Shin'ichi Hisamatsu (1889-1980) philosophe et écrivain
La joie selon Charles Pépin : la grâce d’être là
Le philosophe Charles Pépin dit qu’il faut « se réjouir de la chance d’être vivant ». Pour lui, comme pour les Japonais, la vraie joie ne vient pas de l’accumulation, mais de la conscience. Un repas partagé, un sourire, un silence - chacun de ces moments est une grâce discrète, une existence fragile à laquelle dire merci.
Un Noël wabi-sabi : la beauté imparfaite
Dans l’esprit japonais du wabi-sabi, la beauté n’est pas dans la perfection, mais dans la simplicité et la sincérité. Un repas un peu chaotique, un sapin bancal, des éclats de rire, des larmes… tout cela fait partie de la vie réelle, pas idéalisée. Et c’est justement cette imperfection qui rend ces moments uniques, vivants, profondément humains.

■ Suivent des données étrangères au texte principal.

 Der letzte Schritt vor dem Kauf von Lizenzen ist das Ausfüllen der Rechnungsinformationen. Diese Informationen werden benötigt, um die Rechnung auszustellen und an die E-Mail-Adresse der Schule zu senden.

L’impermanence comme sagesse : mujō
Les Japonais parlent de mujō, l’impermanence : tout change, tout passe. À Noël, ce principe prend une résonance particulière. Les enfants grandissent, certains visages disparaissent, les traditions évoluent. Mais au lieu de s’en attrister, on peut y voir une raison de savourer encore plus intensément ce qui est là, maintenant.

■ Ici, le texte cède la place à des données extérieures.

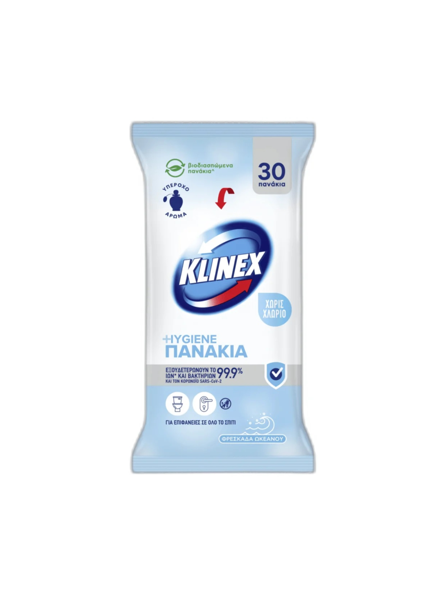 Τα υγρά πανάκια καθαρισμού Klinex, σε συσκευασία 30 τεμαχίων, είναι ιδανικά για τον άμεσο καθαρισμό και απολύμανση επιφανειών στο σπίτι ή στον επαγγελματικό χώρο.

« L’accent mis par le bouddhisme sur l’évanescence du monde a une influence capitale sur toute la littérature japonaise. Cette identification avec la nature se retrouve dans le fait que le memento mori japonais n’est pas un crâne grimaçant mais l’image évocatrice de fleurs qui se fanent, des feuilles d’automne qui jaunissent, rappelant que tout ce qui est beau ne dure pas. »
extrait « La vie de cour dans l'ancien Japon au temps du Prince Genji » d’Ivan Morris
Le vrai cadeau

Et si le plus beau cadeau de Noël n’était pas sous le sapin, mais dans le moment lui-même ?
Cette présence au monde proche de la pratique zen de la pleine conscience (ichigo ichie « une fois, une rencontre »), où chaque geste, chaque rencontre, chaque instant est vécu comme unique comme le conseille le maître de thé Ii Naosuke (1815-1860) dans « Ichi-e shū » "Recueil de l’unique rencontre » :
« Le mot ichi.e, l’unique rencontre, est lourd de signification. C’est dire que, même si d’autres rencontres peuvent avoir lieu ultérieurement avec le même hôte et les mêmes invités, la rencontre d’aujourd’hui autour du thé ne se répétera jamais. Il s’agit donc de l’unique rencontre pour l’unique fois de sa vie. »
extrait « Comme la lune au milieu de l’eau » de Yoko Orimo, édition Le Prunier Sully
L’instant n’est pas à consommer, mais à habiter dans ce rire, cette main serrée, cette lumière qui vacille sur les visages aimés. Et le présent n’a pas besoin d’être chargé de l’ombre du futur. Ce qui nous fait comprendre Hirayama, incarné par le célèbre acteur Koji Yakusho, dans le magnifique film « Perfect day » de Wim Wenders lorsqu’il prononce cette phrase clé « Ima wa ima, kondo wa kondo »

L’instant présent, apprenons donc à le voir, à le ressentir, à l’aimer avec des yeux un peu plus… japonais.